• Data extract
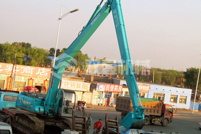 加長臂:加長臂是我們最常見,使用時(shí)間更早的大小臂加長臂,不需要伸縮缸控制。它通過大臂、小臂同時(shí)加長,配帶小挖斗,擴(kuò)大機(jī)械的工作范圍。
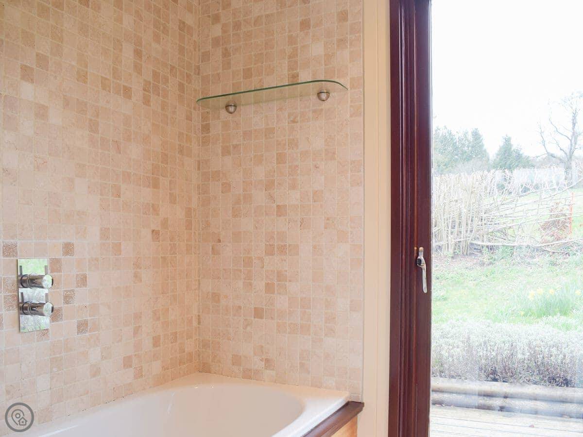 The Wooden Lodge is near Upper Lye, in Herefordshire. It's a detached cabin. I live next door, but you get the garden to yourselves. It's enclosed and has a deck with a BBQ.
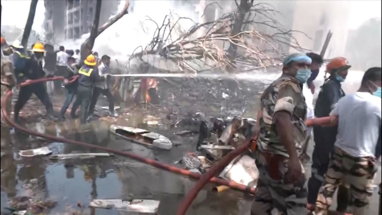 Το προσωπικό έκτακτης ανάγκης επιχειρεί στο σημείο όπου συνετρίβη το αεροπλάνο / Πηγή φωτογραφίας: ANI / Reuters TV via REUTERS
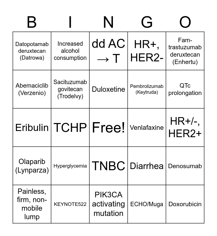 This bingo card has a free space and 29 words: Age >60, KEYNOTE522, dd AC → T, AI + CDK 4/6 inhibitor, Fam-trastuzumab deruxtecan (Enhertu), Datopotamab deruxtecan (Datrowa), Sacituzumab govitecan (Trodelvy), Duloxetine, Venlafaxine, Denosumab, Painless, firm, non-mobile lump, TCHP, ECHO/Muga, Doxorubicin, Eribulin, Tamoxifen, PIK3CA activating mutation, Diarrhea, QTc prolongation, Olaparib (Lynparza), Hyperglycemia, Capecitabine (Xeloda), Pembrolizumab (Keytruda), HR+/-, HER2+, Abemaciclib (Verzenio), Increased alcohol consumption, TNBC, HR+, HER2- and Ribociclib (Kisqali).

• Assigned task
Output, exactly and only: the line containing "Το προσωπικό έκτακτης", the last line of the listing above, and every line in between. Leave the pictures out.

• Task response
 Το προσωπικό έκτακτης ανάγκης επιχειρεί στο σημείο όπου συνετρίβη το αεροπλάνο / Πηγή φωτογραφίας: ANI / Reuters TV via REUTERS
 This bingo card has a free space and 29 words: Age >60, KEYNOTE522, dd AC → T, AI + CDK 4/6 inhibitor, Fam-trastuzumab deruxtecan (Enhertu), Datopotamab deruxtecan (Datrowa), Sacituzumab govitecan (Trodelvy), Duloxetine, Venlafaxine, Denosumab, Painless, firm, non-mobile lump, TCHP, ECHO/Muga, Doxorubicin, Eribulin, Tamoxifen, PIK3CA activating mutation, Diarrhea, QTc prolongation, Olaparib (Lynparza), Hyperglycemia, Capecitabine (Xeloda), Pembrolizumab (Keytruda), HR+/-, HER2+, Abemaciclib (Verzenio), Increased alcohol consumption, TNBC, HR+, HER2- and Ribociclib (Kisqali).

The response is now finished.